Pharmaceutical professional with nearly 30 years’ experience working on both sides of the industry. Lemaire’s career started with GlaxoWellcome in various production process engineering roles in OSD, Fine Chemicals and sterile products prior to transfer into their Produce Technology Division PTD were he was instrumental in the introduction and development of true process integrated containment technology into the Inhalation Division, which subsequently won GSK’s prestigious Chief Executive Award for Safety.
Lemaire was also instrumental in the technical transfer of GSK legacy Inhalation products Fluticasone and Salmeterol from research into production including Process and cleaning validation.
After leaving GSK. Lemaire was the Co-Founder of a UK based containment company were he continued to work with GSK, Pfizer, Takeda, AstraZeneca and others developing complex integrated containment solutions around cytotoxic blister lines, tablet presses and Pfizer inhaled Insulin.

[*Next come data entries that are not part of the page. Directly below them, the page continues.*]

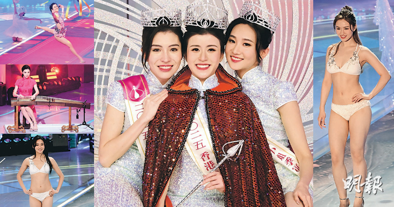 【明報專訊】《2025香港小姐競選決賽》昨晚於將軍澳電視城舉行,大熱⑨陳詠詩艷壓群芳登上冠軍寶座,⑦施宇琪屈居亞軍,季軍是⑬袁文靜,①李尹嫣兼得最上鏡小姐及友誼小姐,無緣三甲。③蔡華英打入最後5強,但最終未能獲獎。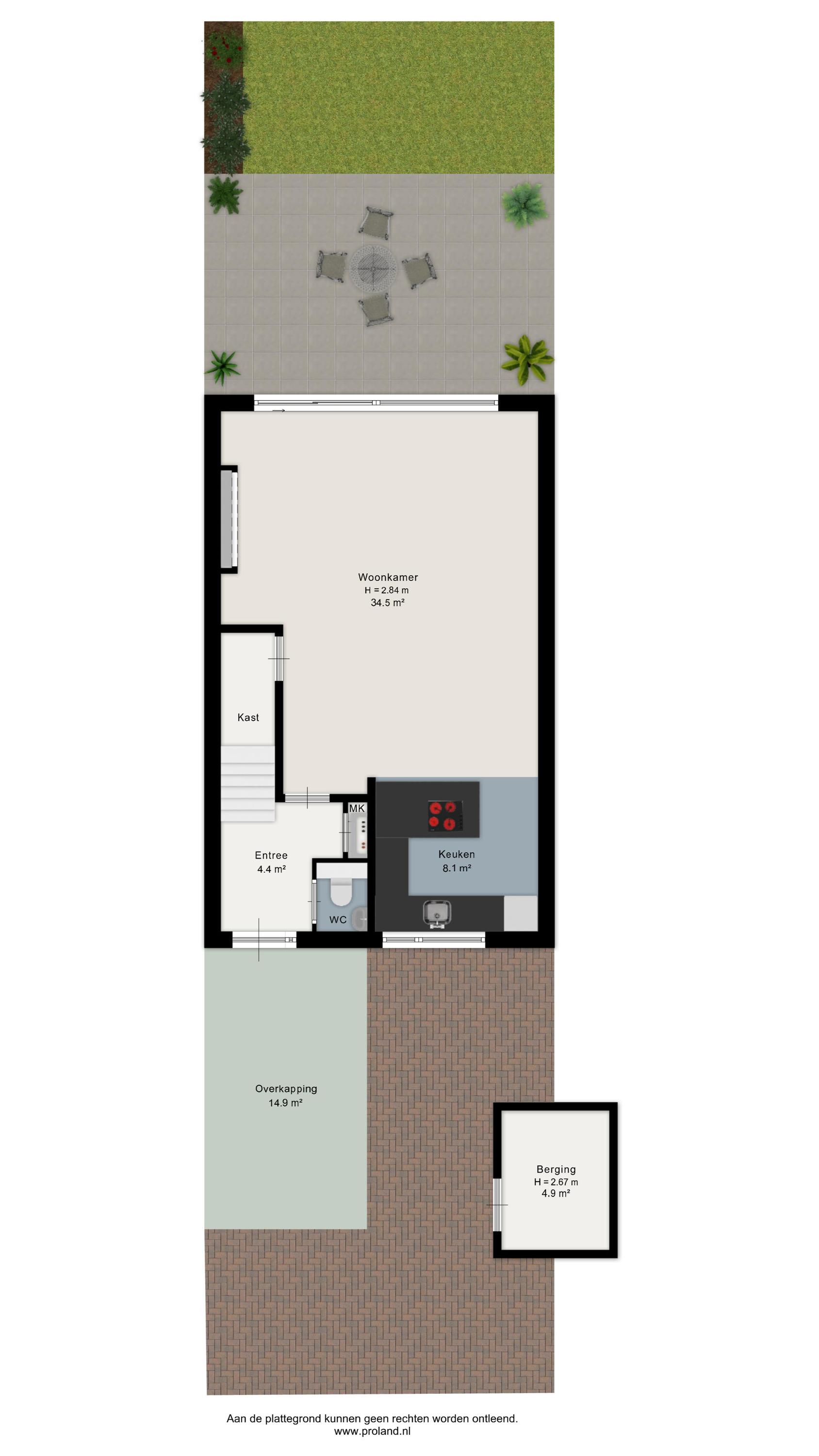 Berging: Aan de voorzijde van de woning bevindt zich een ruime berging. Deze praktische berging biedt volop ruimte voor fietsen, gereedschap, tuinspullen of extra opslag. Dankzij de ligging direct naast de carport zijn alle spullen altijd gemakkelijk bereikbaar.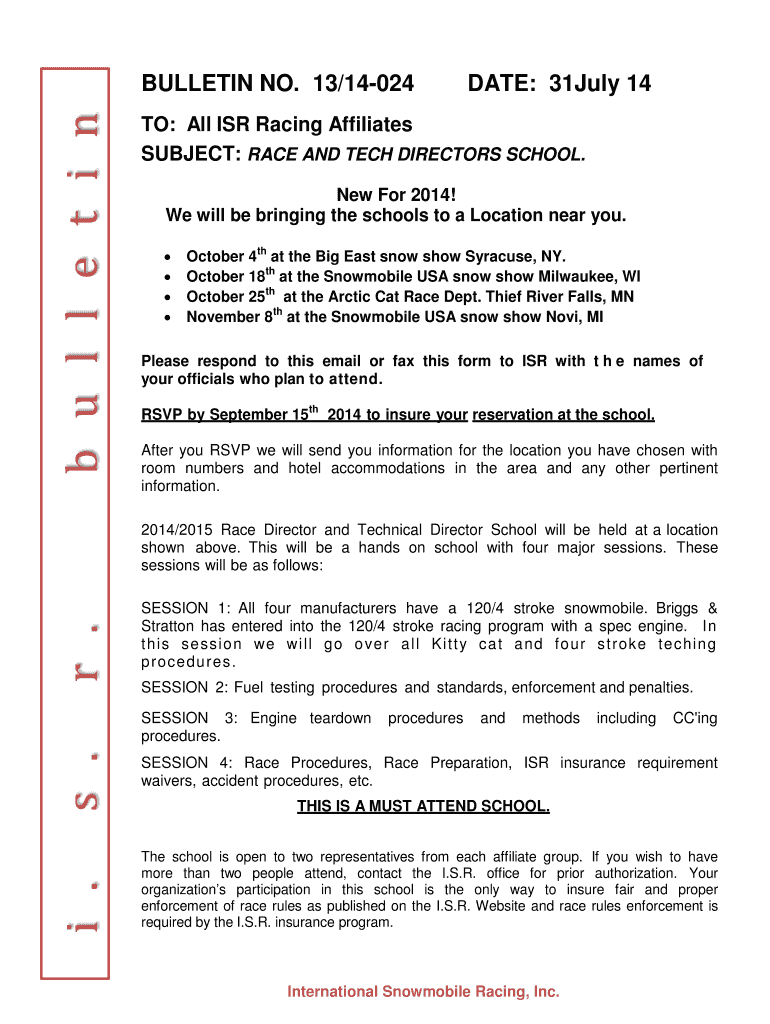B u l l t n BULLETIN NO. 13×14024 DATE: 31July 14 TO: All ISR Racing Affiliates SUBJECT: RACE AND TECH DIRECTORS SCHOOL. New For 2014! We will be bringing the schools to a Location near you. October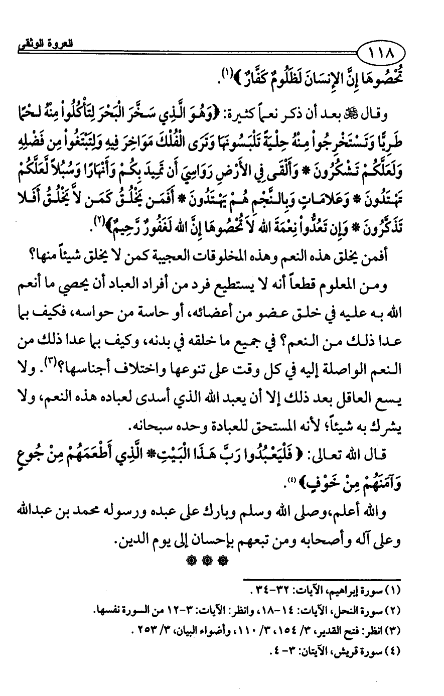 ومن المعلوم قطعاً أنه لا يستطيع فرد من أفراد العباد أن يحصي ما أنعم الله به عليه في خلق عضو من أعضائه، أو حاسة من حواسه، فكيف بما عدا ذلك من النعم؟ في جميع ما خلقه في بدنه، وكيف بما عدا ذلك من النعم الواصلة إليه في كل وقت على تنوعها واختلاف أجناسها؟ (¬3). ولا يسع العاقل بعد ذلك إلا أن يعبد الله الذي أسدى لعباده هذه النعم، ولا يشرك به شيئاً؛ لأنه المستحق للعبادة وحده سبحانه.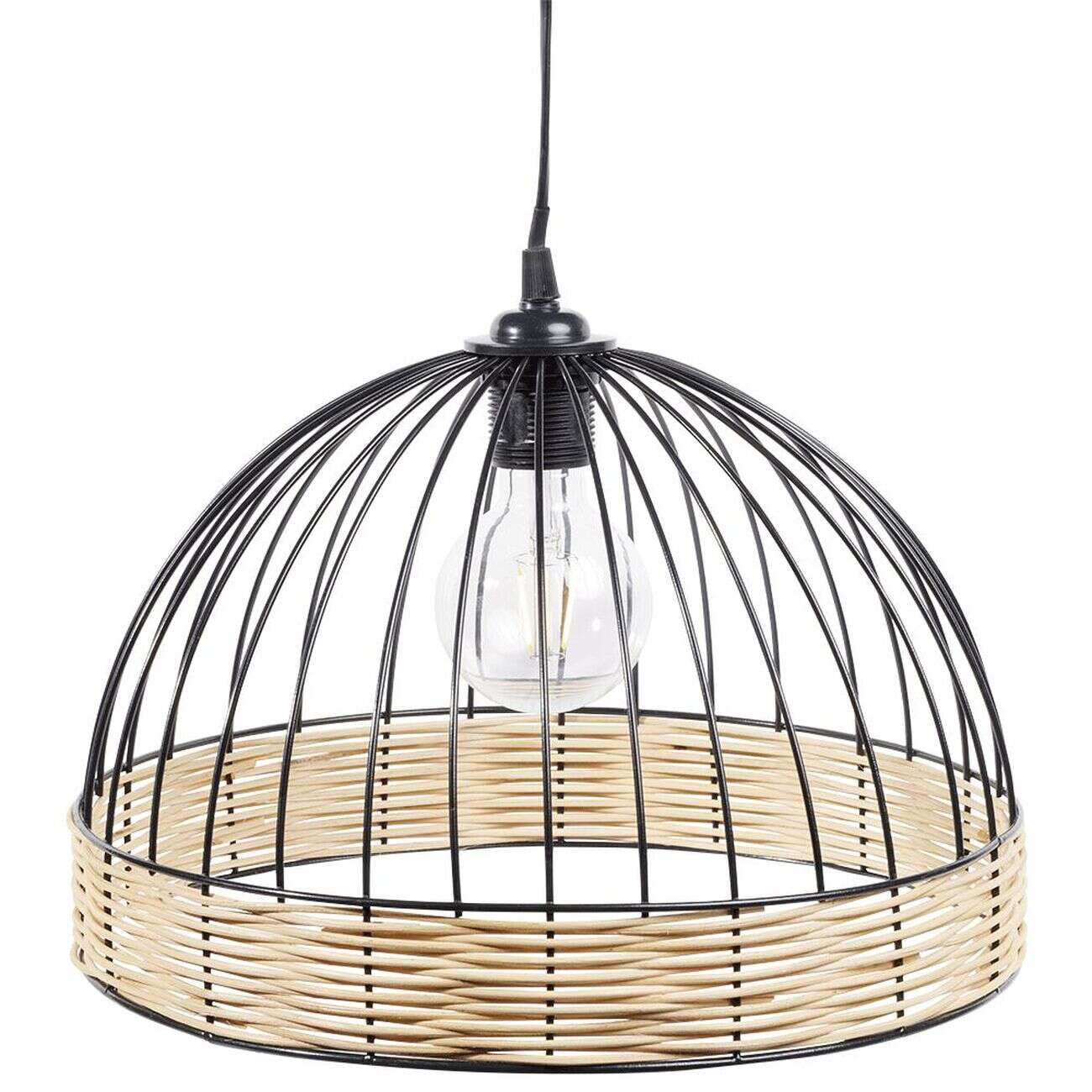 Suspension ronde métal osier noir et marron Ø35xH22cm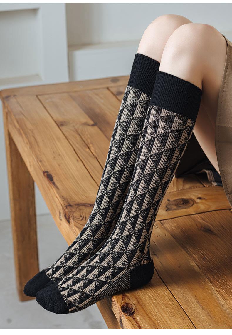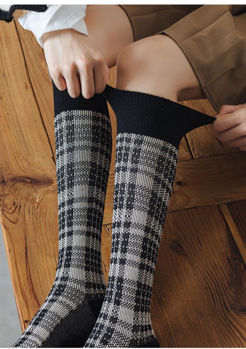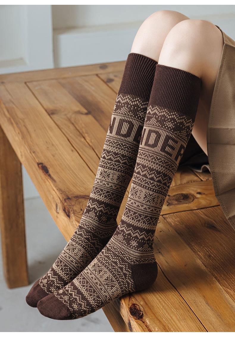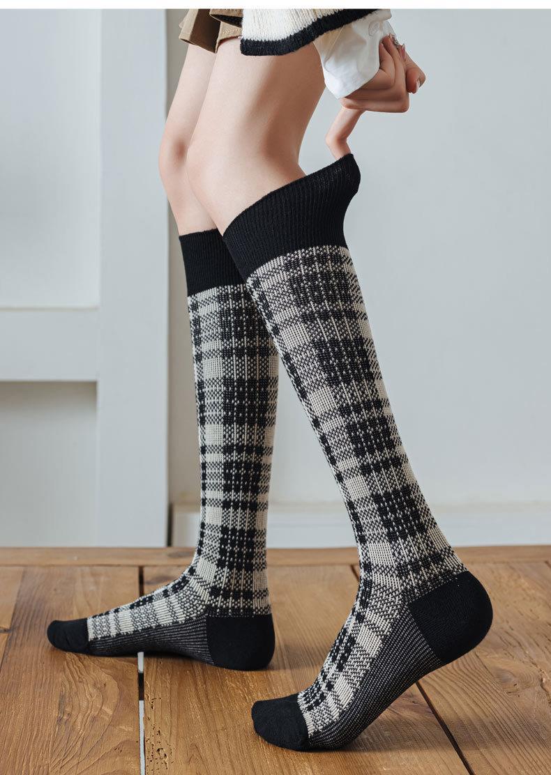 Calcetines con puño para niños hasta la rodilla estilo británico zapatos pequeños de cuero color curry ligeramente compresores adelgazantes otoño e invierno doble aguja doble camino retro calcetines altos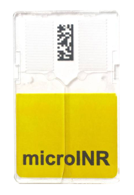 Chip per coagulometro portatile microINR. Ogni chip per microINR effettua la determinazione verificando il processo di analisi con un sistema di controlli di qualità in tre diverse fasi: integrità, flusso del campione e controllo analitico.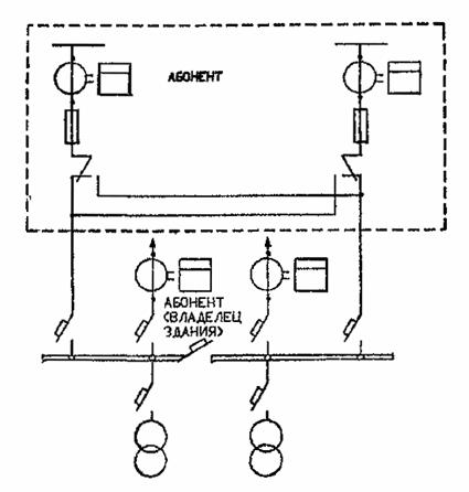 РИС. 5. СХЕМА УЧЕТА ЭЛЕКТРОЭНЕРГИИ В ОБЩЕСТВЕННЫХ ЗДАНИЯХ ПРИ ВСТРОЕННОЙ ТП

In 2003, Lemaire merged companies with Jetpharma, a world leading CMO for contract micronization and became its technical director of the micronizing and containment equipment division. Since Jetpharma’s equipment division acquisition in 2008 by the Dec Group, he holds his current role as Technical Director of Containment & Micronization Technologies.
Jacopo Buzzanca is the responsible CDMO business & project management of Fine Chemicals division of Angelini Pharma S.p.A. He brings an extensive hand-on lab and kilo-lab experience in process chemistry research & development of small molecules APIs and HPAPIs with tens of exclusive custom synthesis projects successfully achieved on behalf of pharmaceutical and biotech industry. As drug substance chemical development expert, he is currently engaging and serving to chemical development programs and technology transfer in/out of small molecule APIs and HPAPIs to support business of Angelini Pharma Brand and its pharmaceutical customers.
Martin Axon is Senior Principal Occupational Hygienist for SafeBridge and is a Chartered Fellow of the Faculty of Occupational Hygiene; he has degrees in Industrial Chemistry and Environmental Pollution Science. He spent the majority of his 35-year career in the pharmaceutical industry and has worked in both primary and secondary production environments at facilities in the UK, the USA and the Bahamas. During mid-career, Martin was a Course Director, for several years, responsible for a postgraduate program in Occupational Hygiene, Health and Safety, at London South Bank University. Martin joined SafeBridge Europe in 2005 and has, for the past 17 years, focused exclusively on the safe handling of potent pharmaceuticals supporting clients in Europe and the UK. Martin is a senior assessor for the SafeBridge Potent Compound Safety Certification Program.
After graduating from Strasbourg University of Pharmacy, France, Jerome spent thirteen years as European Director of Business Development in Catalent, before moving to Penn Pharma as Senior Director New Business development in 2012. Here, he was part of the Executive Team who built the potent Contained Manufacturing Facility (CMF), which won the ISPE Facility of the Year award for Facility Integration (2014). In 2014, PCI acquired Penn Pharma and Jerome continue to act as Senior Director of New Business development to support the growth of PCI High Potent site in Tredegar, Wales, UK. In his current role, Jerome promotes to Customers the PCI Services offering (CDMO) for the development and manufacturing of High Potent solid oral, oral liquid and semi-solid products for clinical trials and/or commercialization.